INSTRUCTIONS TO FOLLOW
Word for word, reproduce the listing that follows, excluding any pictures it contains.

EXERCISE DATA
<<<<

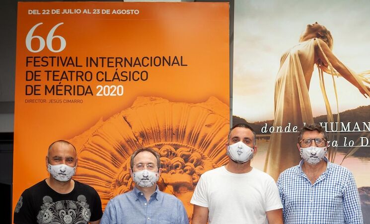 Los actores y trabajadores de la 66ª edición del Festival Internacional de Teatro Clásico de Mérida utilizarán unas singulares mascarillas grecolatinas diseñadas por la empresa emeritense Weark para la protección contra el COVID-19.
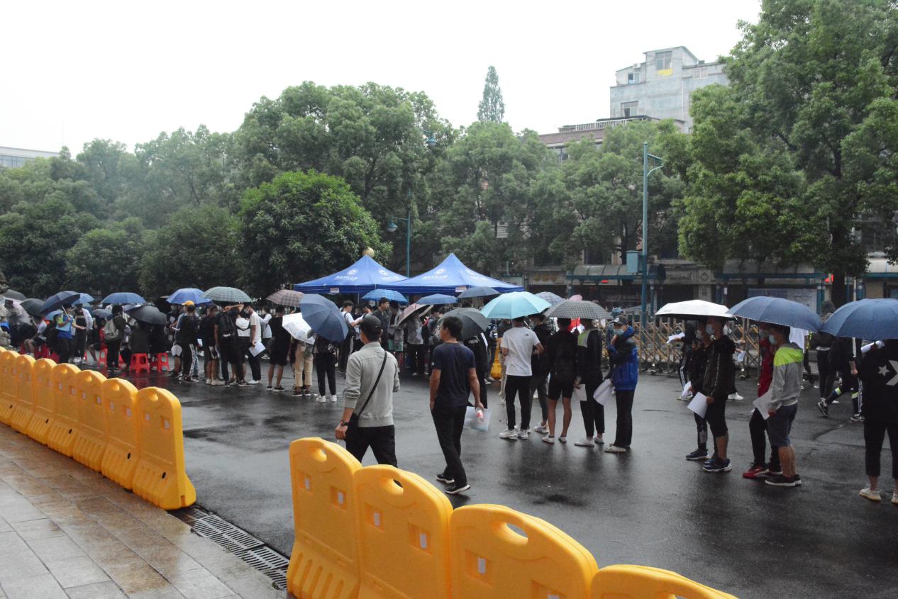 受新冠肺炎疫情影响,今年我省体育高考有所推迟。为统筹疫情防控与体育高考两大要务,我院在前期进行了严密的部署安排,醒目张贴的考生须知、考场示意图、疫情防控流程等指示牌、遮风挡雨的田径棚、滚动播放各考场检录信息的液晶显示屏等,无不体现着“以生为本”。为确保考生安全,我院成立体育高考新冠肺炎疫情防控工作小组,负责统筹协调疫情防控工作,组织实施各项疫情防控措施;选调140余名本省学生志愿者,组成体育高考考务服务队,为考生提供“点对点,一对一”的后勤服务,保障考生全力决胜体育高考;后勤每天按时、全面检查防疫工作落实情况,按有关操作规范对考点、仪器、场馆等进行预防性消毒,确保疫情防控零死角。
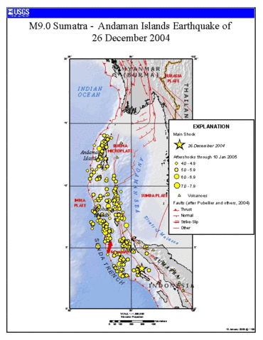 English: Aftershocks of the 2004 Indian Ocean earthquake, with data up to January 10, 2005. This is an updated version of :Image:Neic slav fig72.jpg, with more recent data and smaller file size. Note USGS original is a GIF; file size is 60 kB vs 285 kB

>>>>

WRITTEN REPLY
 Los actores y trabajadores de la 66ª edición del Festival Internacional de Teatro Clásico de Mérida utilizarán unas singulares mascarillas grecolatinas diseñadas por la empresa emeritense Weark para la protección contra el COVID-19.
 受新冠肺炎疫情影响,今年我省体育高考有所推迟。为统筹疫情防控与体育高考两大要务,我院在前期进行了严密的部署安排,醒目张贴的考生须知、考场示意图、疫情防控流程等指示牌、遮风挡雨的田径棚、滚动播放各考场检录信息的液晶显示屏等,无不体现着“以生为本”。为确保考生安全,我院成立体育高考新冠肺炎疫情防控工作小组,负责统筹协调疫情防控工作,组织实施各项疫情防控措施;选调140余名本省学生志愿者,组成体育高考考务服务队,为考生提供“点对点,一对一”的后勤服务,保障考生全力决胜体育高考;后勤每天按时、全面检查防疫工作落实情况,按有关操作规范对考点、仪器、场馆等进行预防性消毒,确保疫情防控零死角。
 English: Aftershocks of the 2004 Indian Ocean earthquake, with data up to January 10, 2005. This is an updated version of :Image:Neic slav fig72.jpg, with more recent data and smaller file size. Note USGS original is a GIF; file size is 60 kB vs 285 kB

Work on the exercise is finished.